TASK DIRECTIONS
Go through the entries below and print each one exactly, leaving out pictures.

Extracted records:

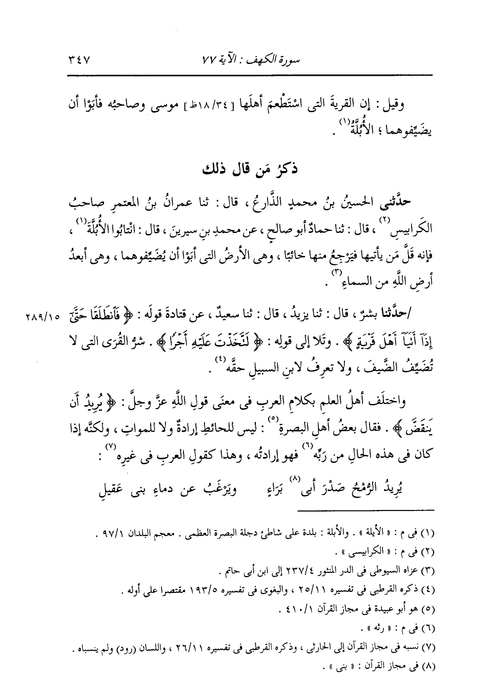 حَدَّثَنَا بِشْرٌ، قَالَ: ثنا يَزِيدُ، قَالَ: ثنا سَعِيدٌ، عَنْ قَتَادَةَ، قَوْلُهُ: {§فَانْطَلَقَا حَتَّى إِذَا أَتَيَا أَهْلَ قَرْيَةٍ} [الكهف: 77] وَتَلَا إِلَى قَوْلِهِ {لَاتَّخَذْتَ عَلَيْهِ أَجْرًا} [الكهف: 77] شَرُّ الْقُرَى الَّتِي لَا تُضِيفُ الضَّيْفَ، وَلَا تَعْرِفُ لِابْنِ السَّبِيلِ حَقَّهُ وَاخْتَلَفَ أَهْلُ الْعِلْمِ بِكَلَامِ الْعَرَبِ فِي مَعْنَى قَوْلِ اللَّهِ عَزَّ وَجَلَّ {يُرِيدُ أَنْ يَنْقَضَّ} [الكهف: 77] فَقَالَ بَعْضُ أَهْلِ الْبَصْرَةِ: لَيْسَ لِلْحَائِطِ إِرَادَةٌ وَلَا لِلْمَوَاتِ، وَلَكِنَّهُ إِذَا كَانَ فِي هَذِهِ الْحَالِ مِنْ رَثَّةٍ فَهُوَ إِرَادَتُهُ. وَهَذَا كَقَوْلِ الْعَرَبِ فِي غَيْرِهِ:
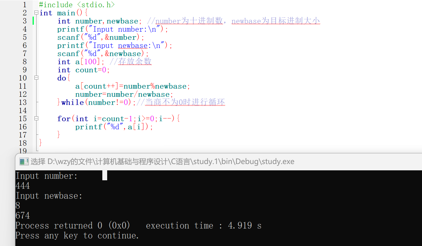 int number,newbase; //number为十进制数,newbase为目标进制大小
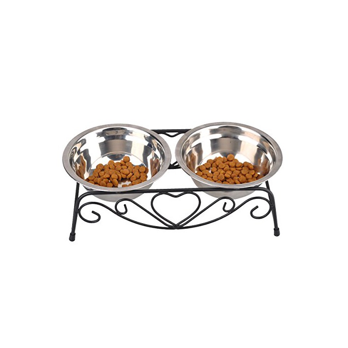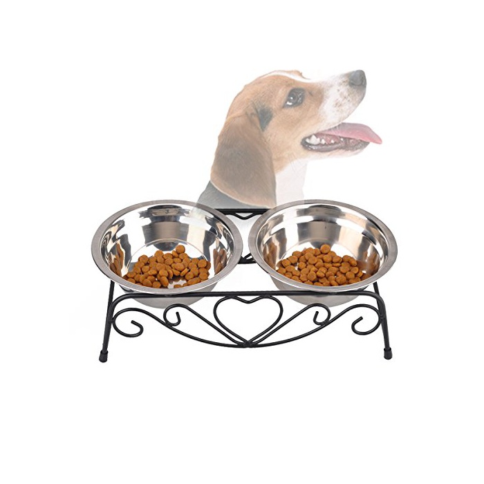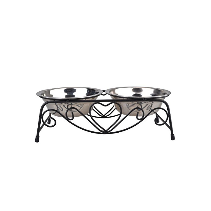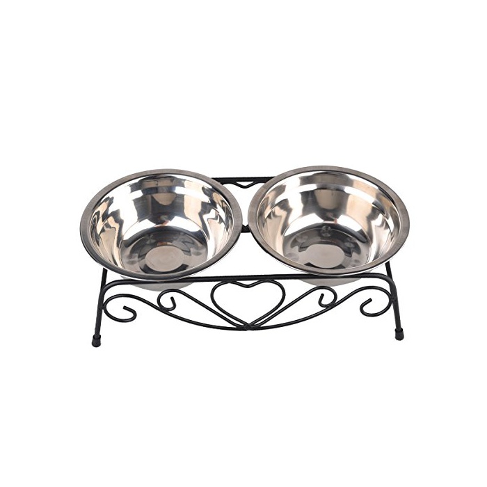 DHYStore 애완동물 볼 식기명 개와 고양이용이 스테인레스제 미끄럼방지 더블 스탠드와 볼 부착
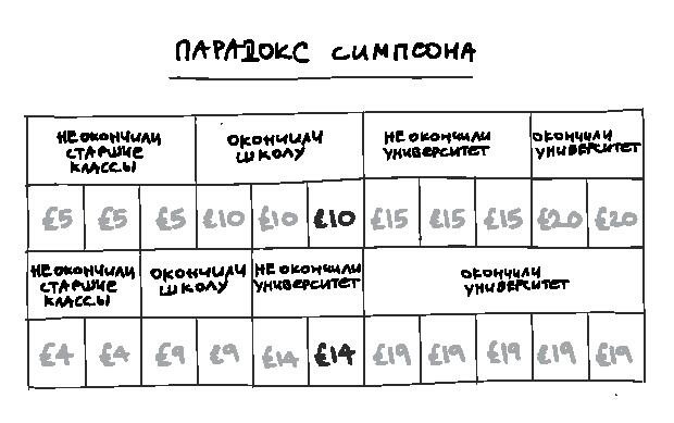 Такое происходит на удивление часто. Например, чернокожие американцы курят чаще, чем белые, но если разбить их на группы по уровню образования, то оказывается, что в каждой из них чернокожие курят реже. А все потому, что среди более образованных граждан, где процент курящих меньше, ниже доля чернокожих.
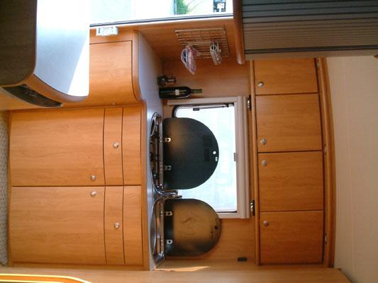 Inngangen til selve bobilen er i den bakerste delen og det gir noen andre planløsningsmuligheter. Bakerst i bobilen er det bl.a. kjøkken. Oppvaskkum og de 3 gassblussene tar selvfølgelig en del plass, men likevel er det god benkeplass. Det er også godt med skapplass og fordelingen av skap og skuffer er fornuftig.Separat skap til søppel er en fordel. Vinduet ved komfyren fungerer fint som damphette, når været tillater åpne vinduer.Kjøleskapet med benkeplass står til høyre for døren, når man kommer inn. Over det henger TV-skapet. Dersom man har flatskjerm er det mulig å montere den på veggen mellom kjøleskapet og TV-skapet, og så bruke TV-skapet til andre ting.
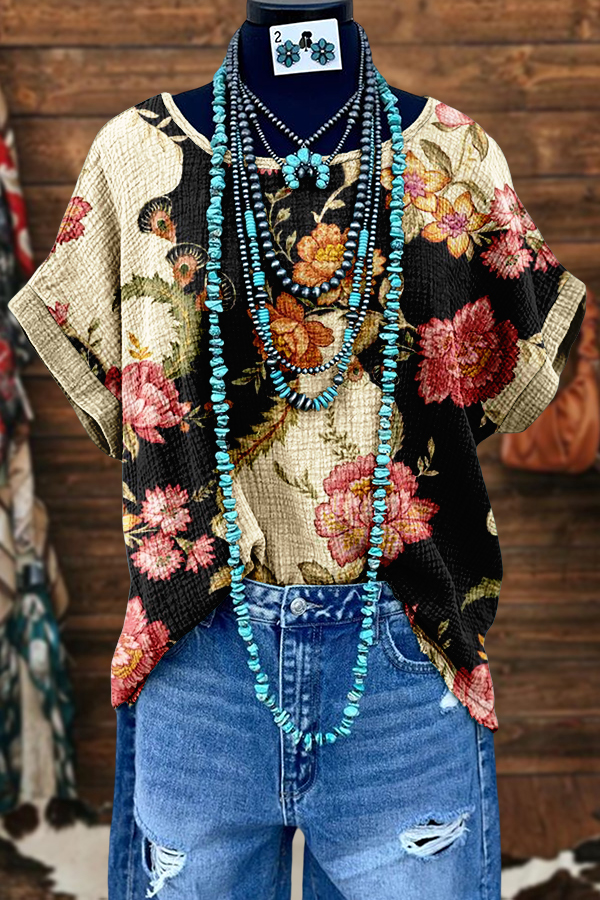 Pretty Floral Washed Dolman Sleeve T-shirt
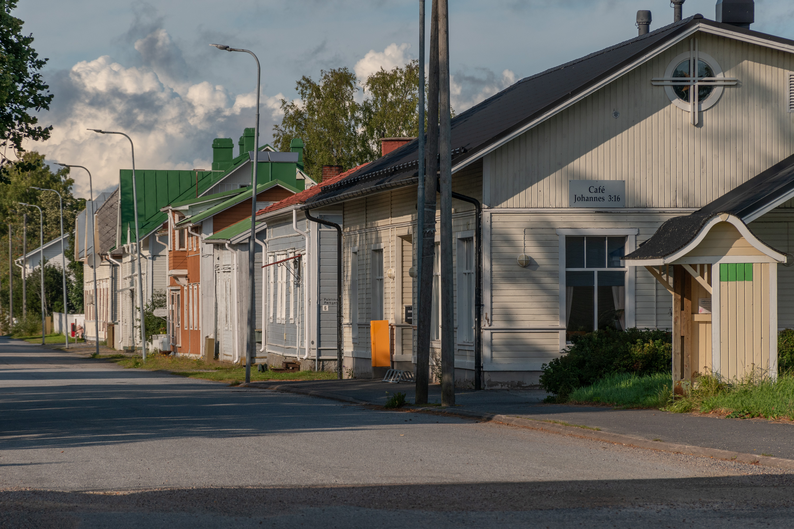 7. Справа одинокая автобусная остановка. С общественным транспортом тут, конечно, не очень, есть одна ежедневная пара автобусов в Ваасу (через Нерпес и ряд других шведоязычных сел) и все. За остановкой в доме приходского собрания кафе, не знаю, работающее ли еще, под названием "Иоанн 3:16" — этот стих Библии гласит: "Ибо так возлюбил Бог мир, что отдал Сына Своего Единородного, дабы всякий верующий в Него не погиб, но имел жизнь." По-фински этот стих зовется "малым Евангелием" (pienoisevankeliumi) — в лютеранстве считается, что все послание всей Библии можно свести к этому стиху.

SOLUTION TO THE PROBLEM
 حَدَّثَنَا بِشْرٌ، قَالَ: ثنا يَزِيدُ، قَالَ: ثنا سَعِيدٌ، عَنْ قَتَادَةَ، قَوْلُهُ: {§فَانْطَلَقَا حَتَّى إِذَا أَتَيَا أَهْلَ قَرْيَةٍ} [الكهف: 77] وَتَلَا إِلَى قَوْلِهِ {لَاتَّخَذْتَ عَلَيْهِ أَجْرًا} [الكهف: 77] شَرُّ الْقُرَى الَّتِي لَا تُضِيفُ الضَّيْفَ، وَلَا تَعْرِفُ لِابْنِ السَّبِيلِ حَقَّهُ وَاخْتَلَفَ أَهْلُ الْعِلْمِ بِكَلَامِ الْعَرَبِ فِي مَعْنَى قَوْلِ اللَّهِ عَزَّ وَجَلَّ {يُرِيدُ أَنْ يَنْقَضَّ} [الكهف: 77] فَقَالَ بَعْضُ أَهْلِ الْبَصْرَةِ: لَيْسَ لِلْحَائِطِ إِرَادَةٌ وَلَا لِلْمَوَاتِ، وَلَكِنَّهُ إِذَا كَانَ فِي هَذِهِ الْحَالِ مِنْ رَثَّةٍ فَهُوَ إِرَادَتُهُ. وَهَذَا كَقَوْلِ الْعَرَبِ فِي غَيْرِهِ:
 int number,newbase; //number为十进制数,newbase为目标进制大小
 DHYStore 애완동물 볼 식기명 개와 고양이용이 스테인레스제 미끄럼방지 더블 스탠드와 볼 부착
 Такое происходит на удивление часто. Например, чернокожие американцы курят чаще, чем белые, но если разбить их на группы по уровню образования, то оказывается, что в каждой из них чернокожие курят реже. А все потому, что среди более образованных граждан, где процент курящих меньше, ниже доля чернокожих.
 Inngangen til selve bobilen er i den bakerste delen og det gir noen andre planløsningsmuligheter. Bakerst i bobilen er det bl.a. kjøkken. Oppvaskkum og de 3 gassblussene tar selvfølgelig en del plass, men likevel er det god benkeplass. Det er også godt med skapplass og fordelingen av skap og skuffer er fornuftig.Separat skap til søppel er en fordel. Vinduet ved komfyren fungerer fint som damphette, når været tillater åpne vinduer.Kjøleskapet med benkeplass står til høyre for døren, når man kommer inn. Over det henger TV-skapet. Dersom man har flatskjerm er det mulig å montere den på veggen mellom kjøleskapet og TV-skapet, og så bruke TV-skapet til andre ting.
 Pretty Floral Washed Dolman Sleeve T-shirt
 7. Справа одинокая автобусная остановка. С общественным транспортом тут, конечно, не очень, есть одна ежедневная пара автобусов в Ваасу (через Нерпес и ряд других шведоязычных сел) и все. За остановкой в доме приходского собрания кафе, не знаю, работающее ли еще, под названием "Иоанн 3:16" — этот стих Библии гласит: "Ибо так возлюбил Бог мир, что отдал Сына Своего Единородного, дабы всякий верующий в Него не погиб, но имел жизнь." По-фински этот стих зовется "малым Евангелием" (pienoisevankeliumi) — в лютеранстве считается, что все послание всей Библии можно свести к этому стиху.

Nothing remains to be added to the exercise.